Les incendies qui se multiplient cet été en Europe ne s’expliquent pas par une cause unique. Ils résultent de la convergence de plusieurs facteurs qui rendent les paysages beaucoup plus inflammables qu’auparavant.
Le premier facteur est l’enchaînement exceptionnel des vagues de chaleur.
Les épisodes caniculaires successifs dessèchent progressivement les sols, les forêts et les broussailles, transformant la végétation en combustible.
Le deuxième facteur est la sécheresse durable.
Au-delà de la chaleur, le déficit de pluie accumulé depuis plusieurs mois fragilise les arbres et assèche les herbes, tandis que les vents favorisent une propagation très rapide des flammes.
Le changement climatique constitue un facteur aggravant.
Les travaux scientifiques montrent qu’il augmente la fréquence, l’intensité et la durée des vagues de chaleur. Il ne déclenche pas directement les incendies, mais crée des conditions beaucoup plus favorables à leur apparition et à leur extension.
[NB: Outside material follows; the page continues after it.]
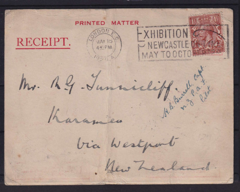 Associated Newspapers Ltd,London Printed Receipt sent from London addressed to Mr RG Tunnicliffe,Karamea,Via Westport,NZ. The card carried on the Murchison Earthquake Christchurch-Westport Flight NZAMC 33a The card signed by H B Burrell Capt NZPAF
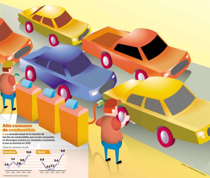 En 2014 los nicaragüenses consumieron 3.85 millones de barriles de diesel, mientras que el año pasado fueron 4.23 millones de barriles, un despunte de 9.8 por ciento; el consumo de gasolina pasó de 2.27 millones de barriles en 2014 a 2.58 millones de barriles de consumo en 2015, lo que significó un incremento de 13.6 por ciento.

La plupart des incendies nécessitent toutefois une source d’ignition.
Dans de nombreux cas, l’origine est humaine : mégots, travaux agricoles, étincelles de machines, lignes électriques, véhicules, barbecues ou actes volontaires.
L’évolution des paysages joue également un rôle.
L’abandon de certaines terres agricoles favorise l’accumulation de broussailles et de jeunes arbres, créant une continuité de végétation qui facilite la propagation des feux.
Enfin, les incendies sont aujourd’hui plus difficiles à maîtriser.
Les vents violents, la faible humidité et les reliefs accidentés peuvent transformer un simple départ de feu en mégafeu mobilisant d’importants moyens de secours.